Monday 1 July 2013

Missing Believed Dead by Chris Longmuir

This is the third book in Chris Longmuir's Dundee Crime series but it's the first that I've read. I didn't feel excluded by this however - merely intrigued. 

Detective Sergeant Bill Murphy appears to be shattered by previous experiences and his friend and former partner Detective Inspector Michaels is still in hospital. This means a new DI arriving in the Dundee office – a woman this time. Tough on the Dundee team and tough on DI Kate Rawlings as well. She's been happy in Forfar: Dundee presents a new and daunting challenge. 

Fortunately for working relationships DI Rawlings isn't given much time to antagonise her new colleagues or be antagonised by them. She and her team are swiftly involved in an ongoing investigation which is threatening to spiral out of control. Everyone's skills are needed if a final tragedy is to be averted.

This is competent, confident crime-writing: the sort that keeps the reader wanting just one more chapter ... and another and another. I read with pleasure and almost without pause and I now look forward to catching up on Longmuir's earlier series titles, Night Watcher and Dead Wood.
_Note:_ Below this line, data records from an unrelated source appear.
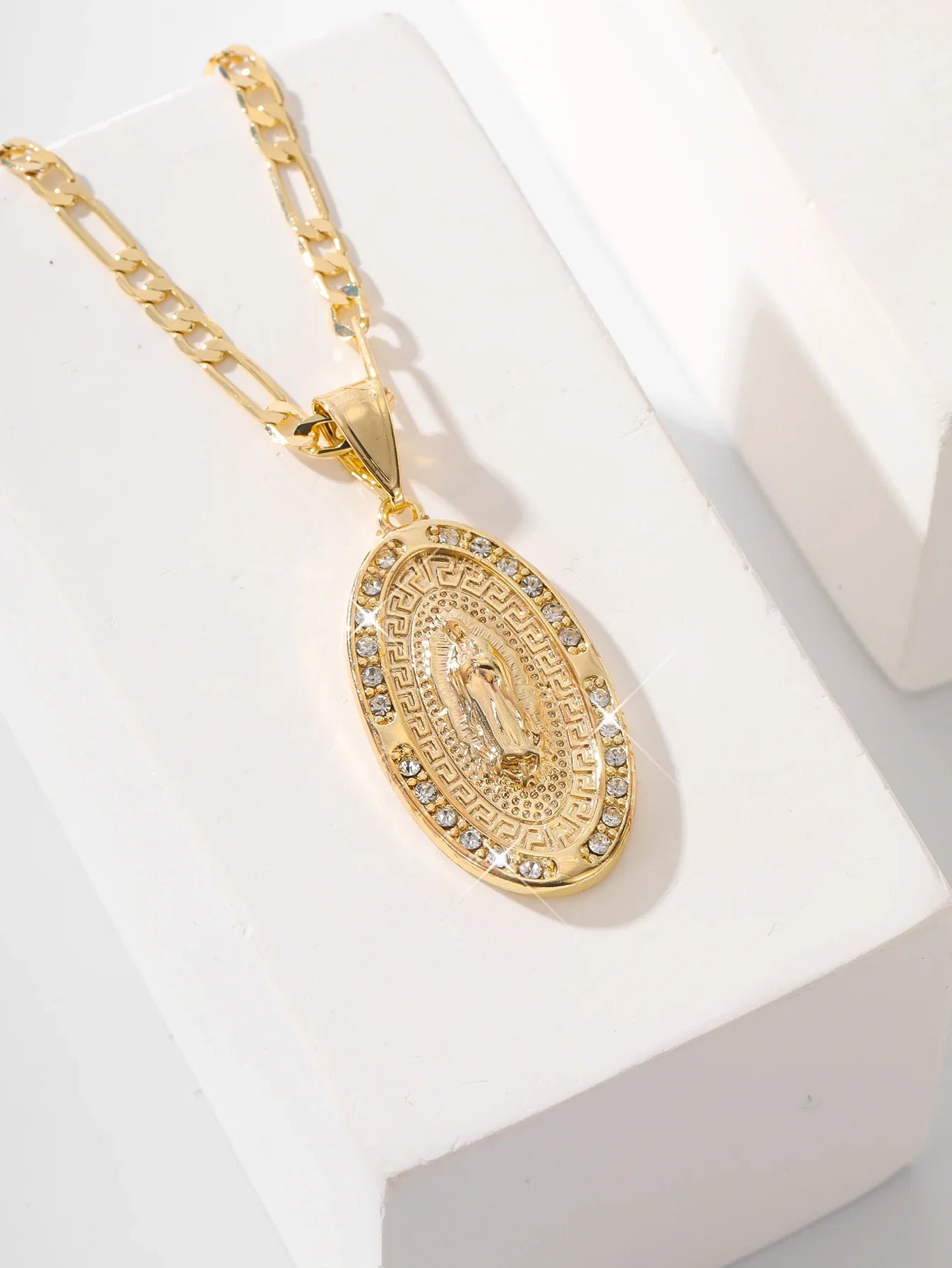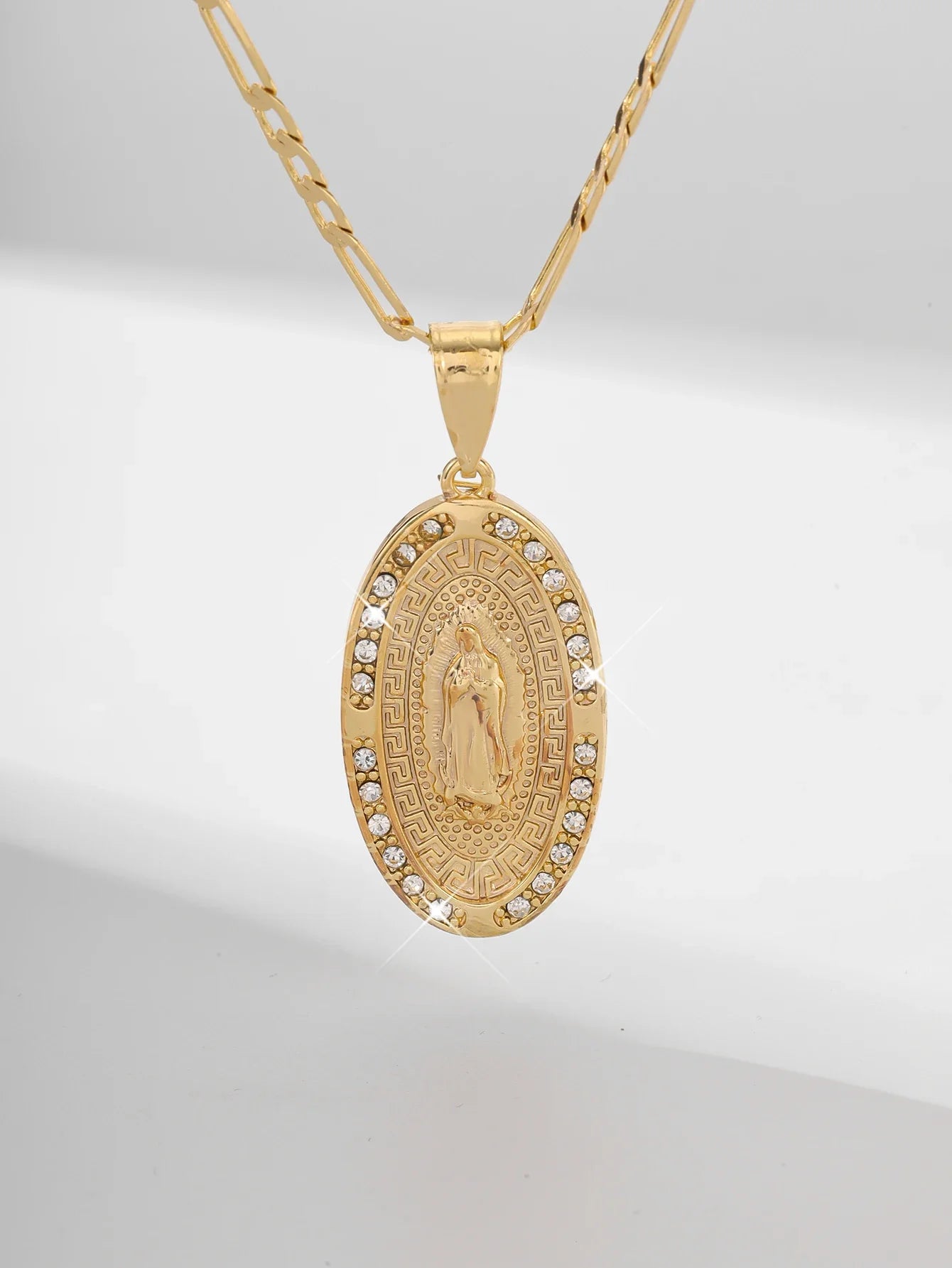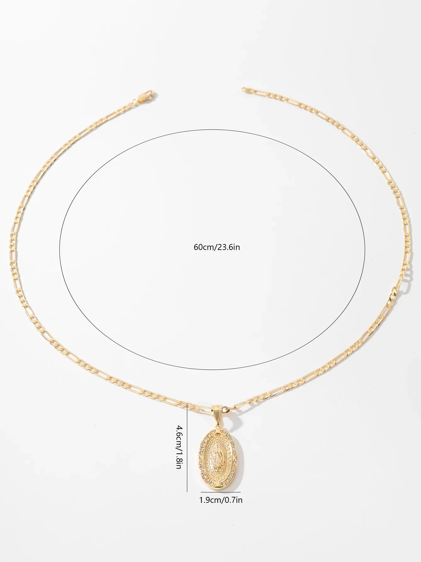 Inlaid Zircon Virgin Mary Pendant – Unisex Copper Religious Necklace for Believers
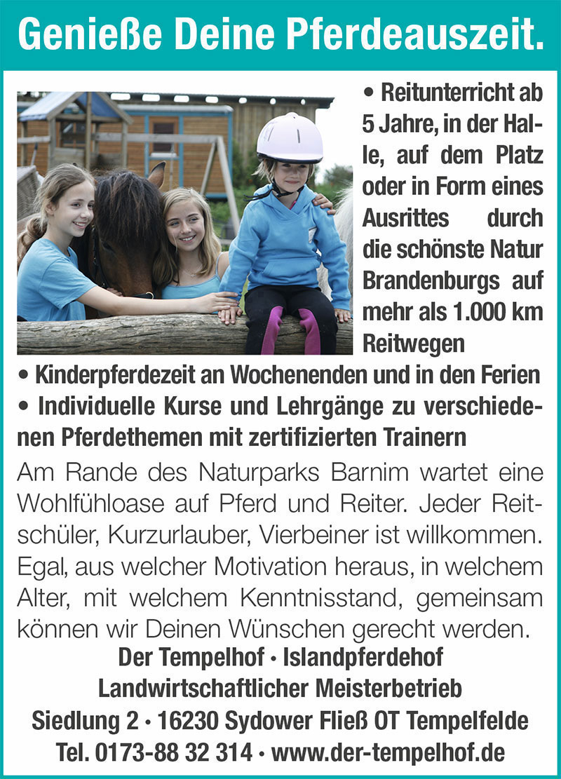 Unternehmensvorstellung: Der Tempelhof, Islandpferdehof, Landwirtschaftlicher Meisterbetrieb
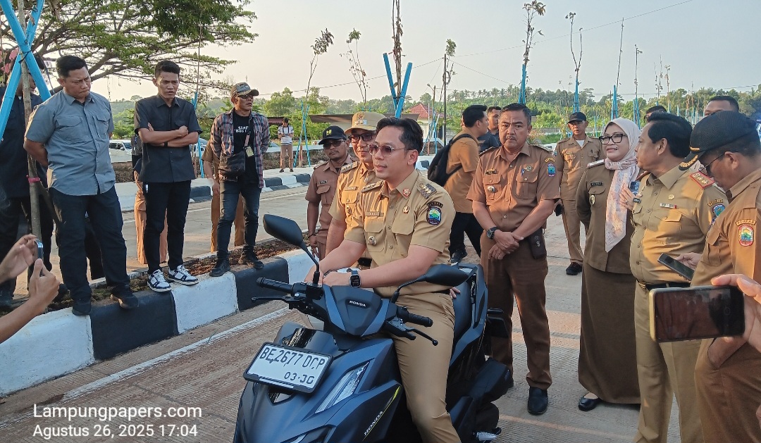 Dalam uji coba jalur tersebut, Bupati Egi memilih cara berbeda: menunggangi sepeda motor. Dari atas kendaraan roda dua itu, ia menyusuri jalan mulus sepanjang 1.680 meter yang diapit hamparan ladang jagung di sisi kiri dan kanan. Di kejauhan, Gunung Rajabasa berdiri megah seakan menjadi saksi perjalanan pembangunan yang bersinergi dengan alam.
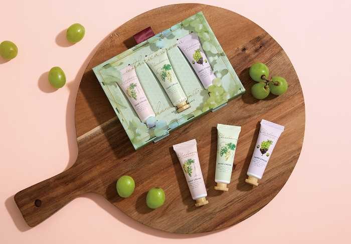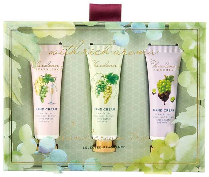 「シャルドネスパークリング」「シャルドネ」「シャルドネショコラ」のアロマを楽しめる新作ハンドクリームトリオは、3本セットで1,100円(税込)。内容はハンドクリーム10mL×3個です。
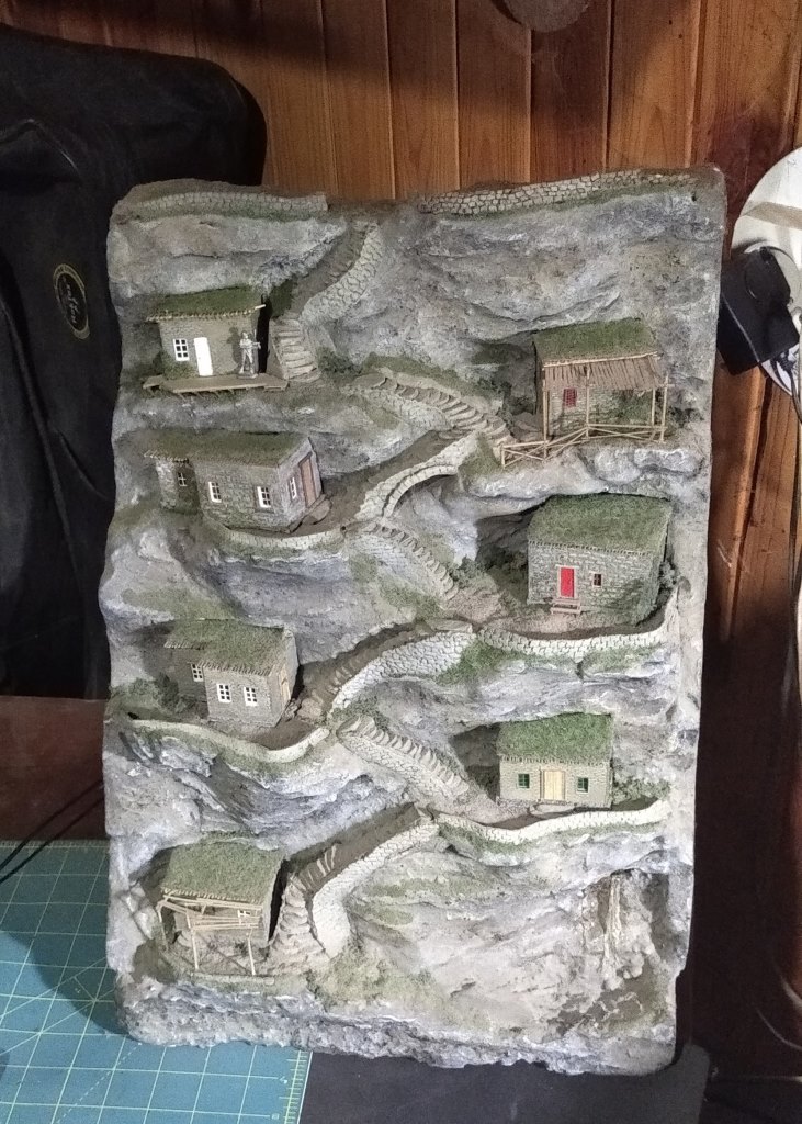 Для подпорных стен (как и для домиков) резал клише из линолеума и печатал по типу линогравюры, а именно: наносил ту же сметану на картон (только погуще и иногда с алебастром), форму обтягивал пищевой плёнкой и прикатывал подготовленный картон к форме или валиком, или столовой ложкой (любимый инструмент). Клал под пресс на полчаса, потом аккуратненько снимал плёнку с заготовки. Сушил. Тонировал. Резал. Клеил.
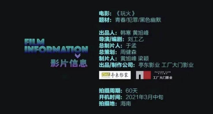 目前唯一可查的作品,是韩寒作为出品人与工厂大门影业合作的青春犯罪类电影《玩火》,预计将在2021年3月中旬开机。
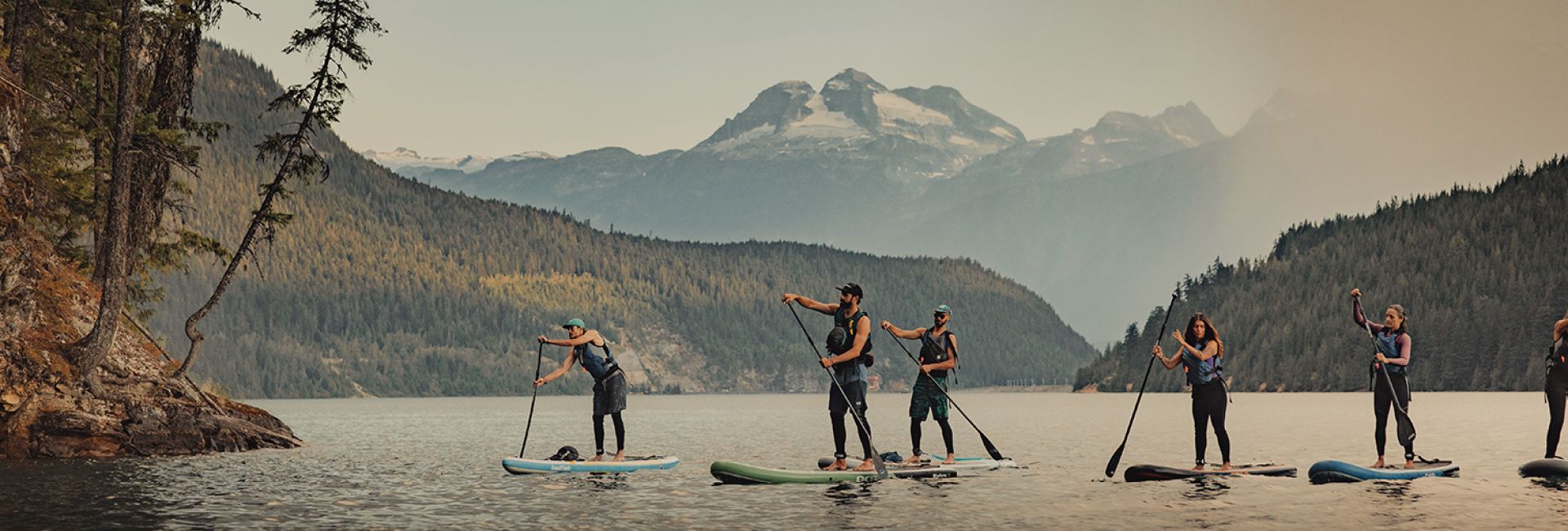 Downstream Adventure offers a Stand Up Paddle Board Cliff to Waterfall Tour on Lake Revelstoke. The paddle is north from the start of the lake.
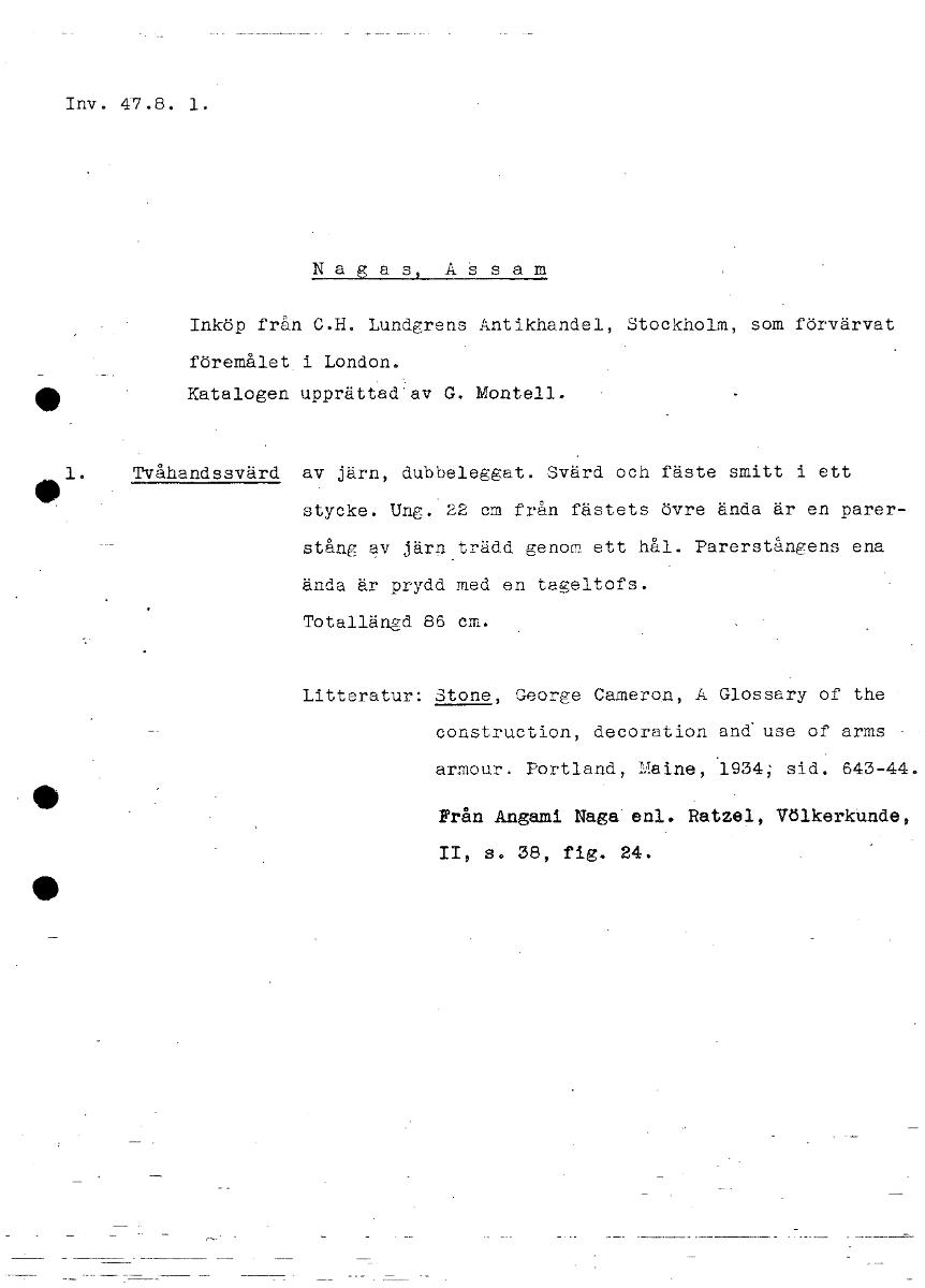• Inv. 47.8. 1. Nagas, Absam Inköp från C.H. Lundgrens Antikhandel, Stockholm, som förvärvat föremålet. i London. Katalogen upprättad'av G. Montell. 1. Tvåhandssvärd av järn, dubbeleggat. Svärd och fäst... Visa hela

It's realistic writing too  – though I hope that there are some days in Dundee when it's not either raining, freezing or blowing a gale. Longmuir's tartan is distinctly noir. There's no glamour in this world – typical scenes take place in a sink estate where it's too risky to run your hand up the stair rail because of what might be smeared on it. But at least there's life in the estate, unlike the expensive mansion of a be-wigged and botoxed former actress or the shoddiness of the the pole-dancing club on the morning after when the cleaners come to work. No wonder Diane, the mentally fragile mother whose daughter has gone missing spends every day scrubbing until her hands are raw.

The plot twist is a good one and, although Longmuir doesn't offer a happily-ever-after ending, there is sufficient resolution of the drama and alleviation of the central characters' misery to leave the reader satisfied that ordinary life will go on.